What needs to be done
Check every line of the records below for the string "with" and copy the ones that have it.

--- Entries shown ---

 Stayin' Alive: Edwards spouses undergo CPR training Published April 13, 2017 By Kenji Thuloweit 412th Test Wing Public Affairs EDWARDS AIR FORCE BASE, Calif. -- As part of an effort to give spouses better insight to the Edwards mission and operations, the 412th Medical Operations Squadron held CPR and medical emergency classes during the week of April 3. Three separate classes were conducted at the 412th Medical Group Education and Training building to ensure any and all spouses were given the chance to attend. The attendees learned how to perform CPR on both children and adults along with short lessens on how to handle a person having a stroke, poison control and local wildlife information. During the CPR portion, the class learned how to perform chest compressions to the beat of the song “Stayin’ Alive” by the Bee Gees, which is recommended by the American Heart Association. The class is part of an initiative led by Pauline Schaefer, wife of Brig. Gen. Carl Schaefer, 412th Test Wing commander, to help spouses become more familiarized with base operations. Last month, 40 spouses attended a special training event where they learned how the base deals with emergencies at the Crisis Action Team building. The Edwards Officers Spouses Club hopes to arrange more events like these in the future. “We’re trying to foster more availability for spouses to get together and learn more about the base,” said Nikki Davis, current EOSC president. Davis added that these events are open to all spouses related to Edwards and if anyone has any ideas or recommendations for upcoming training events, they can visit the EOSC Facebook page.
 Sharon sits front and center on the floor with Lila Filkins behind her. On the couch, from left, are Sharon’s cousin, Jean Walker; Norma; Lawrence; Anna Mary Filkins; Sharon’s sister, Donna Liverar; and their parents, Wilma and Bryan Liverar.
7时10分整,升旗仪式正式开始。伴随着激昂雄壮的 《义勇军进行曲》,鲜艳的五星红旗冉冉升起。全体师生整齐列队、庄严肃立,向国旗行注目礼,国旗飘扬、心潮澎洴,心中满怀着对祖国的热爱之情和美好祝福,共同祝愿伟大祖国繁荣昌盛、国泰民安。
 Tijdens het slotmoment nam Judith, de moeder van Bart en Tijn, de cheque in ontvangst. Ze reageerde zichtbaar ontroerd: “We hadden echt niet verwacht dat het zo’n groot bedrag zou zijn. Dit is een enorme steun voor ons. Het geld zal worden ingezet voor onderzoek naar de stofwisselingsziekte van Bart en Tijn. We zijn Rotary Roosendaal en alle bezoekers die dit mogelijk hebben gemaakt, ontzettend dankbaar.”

---
--- Entries shown ---

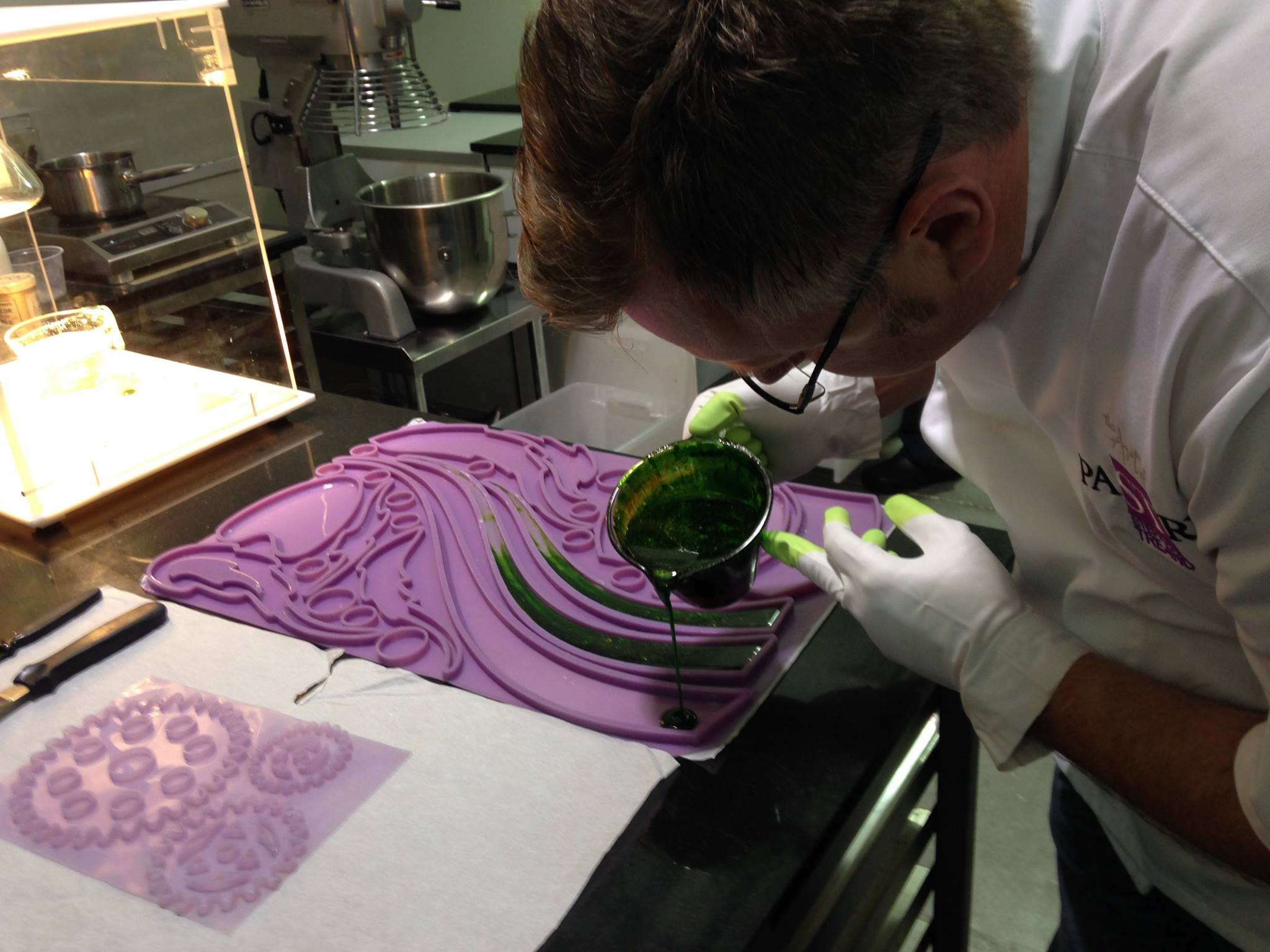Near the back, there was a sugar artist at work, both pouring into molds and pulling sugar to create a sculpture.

---
--- Entries shown ---

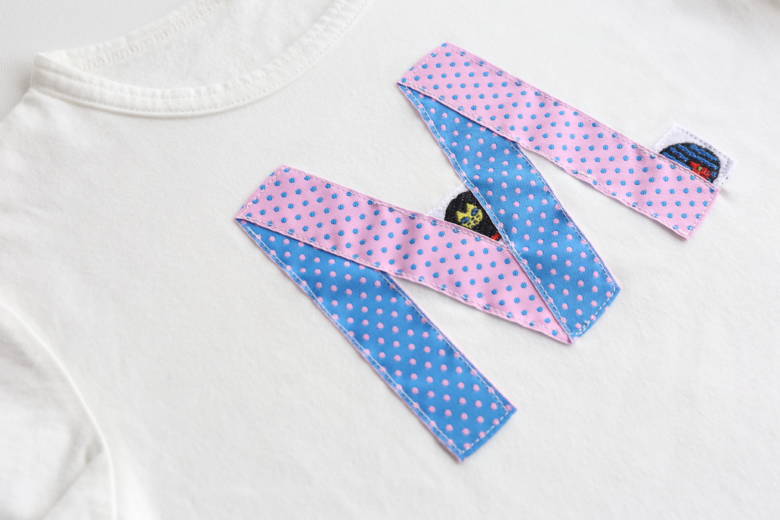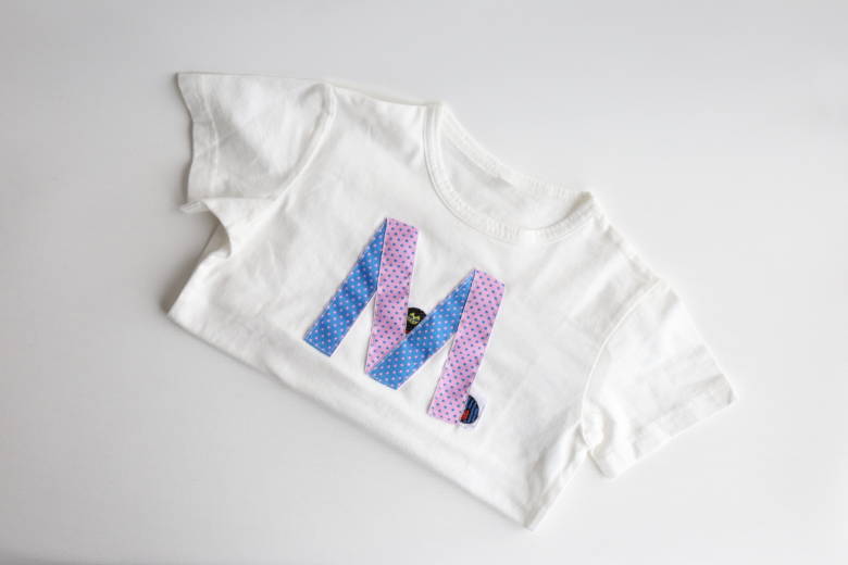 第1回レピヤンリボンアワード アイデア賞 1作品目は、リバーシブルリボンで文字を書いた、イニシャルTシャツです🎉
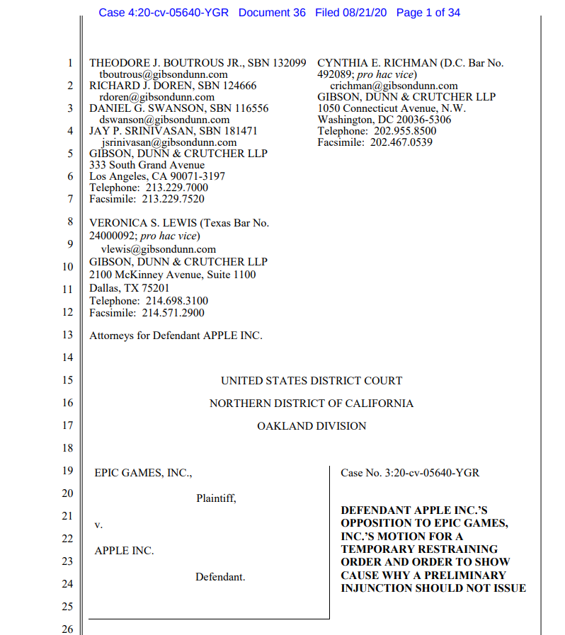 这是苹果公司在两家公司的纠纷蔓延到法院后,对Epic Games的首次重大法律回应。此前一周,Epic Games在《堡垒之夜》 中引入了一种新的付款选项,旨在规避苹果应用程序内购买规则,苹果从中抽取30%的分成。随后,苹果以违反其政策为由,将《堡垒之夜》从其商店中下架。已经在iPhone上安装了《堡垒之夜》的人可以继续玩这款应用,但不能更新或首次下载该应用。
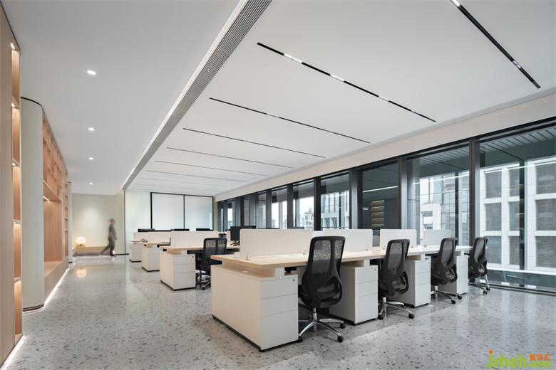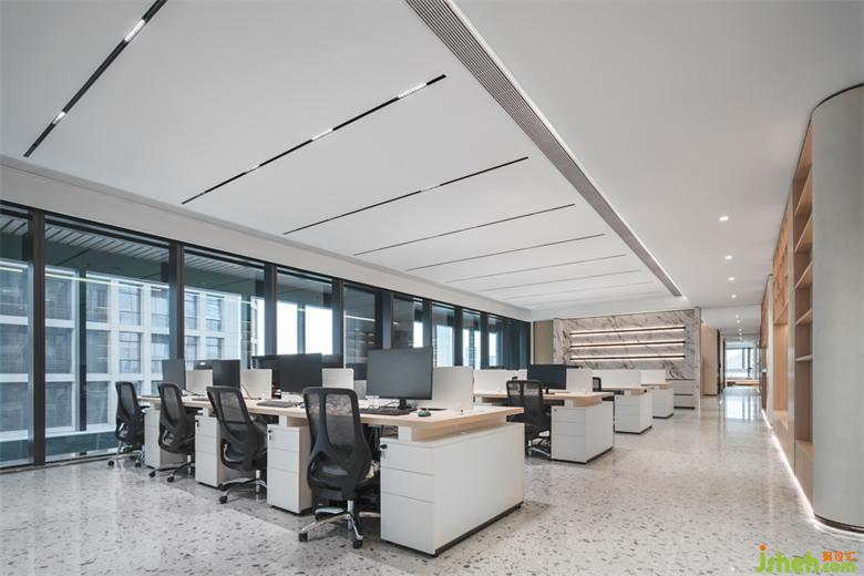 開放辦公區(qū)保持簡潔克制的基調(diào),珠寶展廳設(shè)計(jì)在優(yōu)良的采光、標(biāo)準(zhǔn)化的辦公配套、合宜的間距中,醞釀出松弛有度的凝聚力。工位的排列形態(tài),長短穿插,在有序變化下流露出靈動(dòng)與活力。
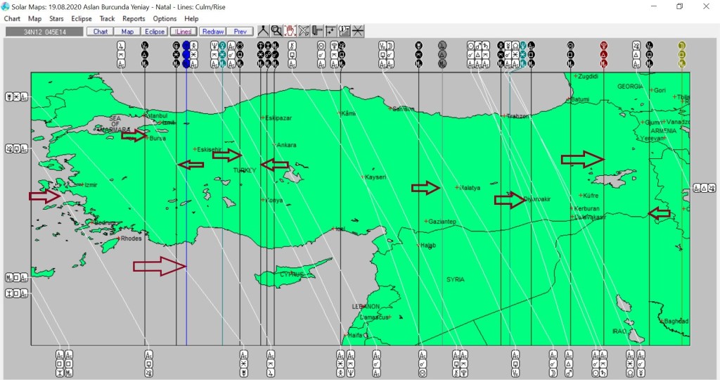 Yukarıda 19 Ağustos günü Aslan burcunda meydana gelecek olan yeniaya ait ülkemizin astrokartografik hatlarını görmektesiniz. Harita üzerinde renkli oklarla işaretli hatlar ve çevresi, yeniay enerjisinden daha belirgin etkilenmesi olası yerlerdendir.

---

Exercise output
 Stayin' Alive: Edwards spouses undergo CPR training Published April 13, 2017 By Kenji Thuloweit 412th Test Wing Public Affairs EDWARDS AIR FORCE BASE, Calif. -- As part of an effort to give spouses better insight to the Edwards mission and operations, the 412th Medical Operations Squadron held CPR and medical emergency classes during the week of April 3. Three separate classes were conducted at the 412th Medical Group Education and Training building to ensure any and all spouses were given the chance to attend. The attendees learned how to perform CPR on both children and adults along with short lessens on how to handle a person having a stroke, poison control and local wildlife information. During the CPR portion, the class learned how to perform chest compressions to the beat of the song “Stayin’ Alive” by the Bee Gees, which is recommended by the American Heart Association. The class is part of an initiative led by Pauline Schaefer, wife of Brig. Gen. Carl Schaefer, 412th Test Wing commander, to help spouses become more familiarized with base operations. Last month, 40 spouses attended a special training event where they learned how the base deals with emergencies at the Crisis Action Team building. The Edwards Officers Spouses Club hopes to arrange more events like these in the future. “We’re trying to foster more availability for spouses to get together and learn more about the base,” said Nikki Davis, current EOSC president. Davis added that these events are open to all spouses related to Edwards and if anyone has any ideas or recommendations for upcoming training events, they can visit the EOSC Facebook page.
 Sharon sits front and center on the floor with Lila Filkins behind her. On the couch, from left, are Sharon’s cousin, Jean Walker; Norma; Lawrence; Anna Mary Filkins; Sharon’s sister, Donna Liverar; and their parents, Wilma and Bryan Liverar.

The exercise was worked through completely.